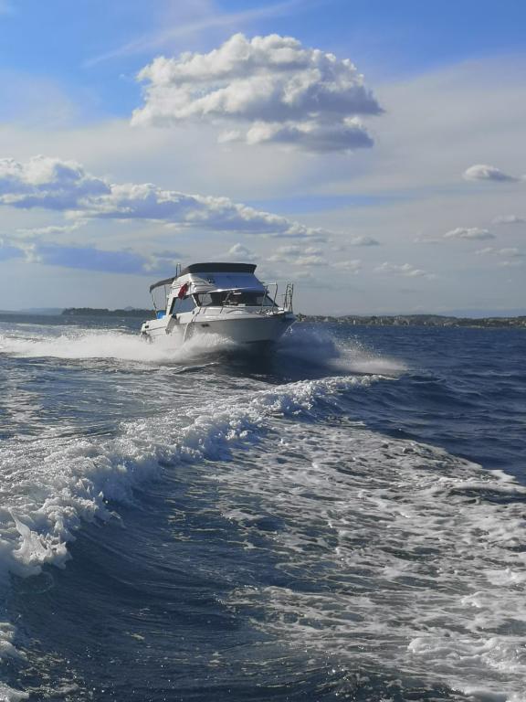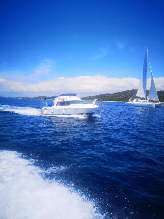 Taxe de sejour est inclus dans le prix.Apéritif de bienvenue, barbecue en plein air, excursions en bateau organisées avec un skipper. Dans le camp voisin, des pédalos peuvent être loués et des toboggans aquatiques peuvent être appréciés. Plusieurs excellents restaurants proposant des spécialités dalmates se trouvent à proximité.
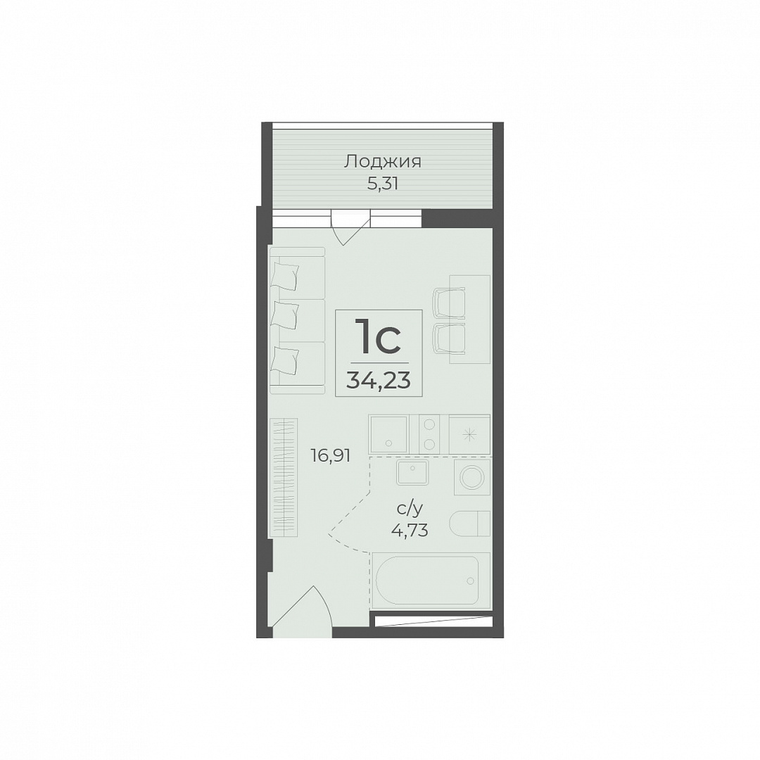 1-комнатная (студия), 34.23 м2, 7 этаж, №292, Botanica
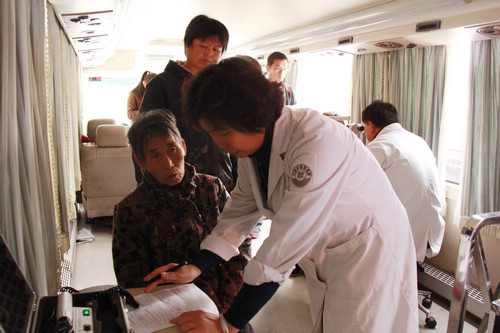 2014.11.7天津市眼科医院社区服务直通车来到山西省运城市盐湖区北相镇镇政府,为当地居民和视力不好的学生义诊175人。

Work task: Write every line above out again exactly; pictures do not belong in the copy.

Solved exercise:
 Taxe de sejour est inclus dans le prix.Apéritif de bienvenue, barbecue en plein air, excursions en bateau organisées avec un skipper. Dans le camp voisin, des pédalos peuvent être loués et des toboggans aquatiques peuvent être appréciés. Plusieurs excellents restaurants proposant des spécialités dalmates se trouvent à proximité.
 1-комнатная (студия), 34.23 м2, 7 этаж, №292, Botanica
 2014.11.7天津市眼科医院社区服务直通车来到山西省运城市盐湖区北相镇镇政府,为当地居民和视力不好的学生义诊175人。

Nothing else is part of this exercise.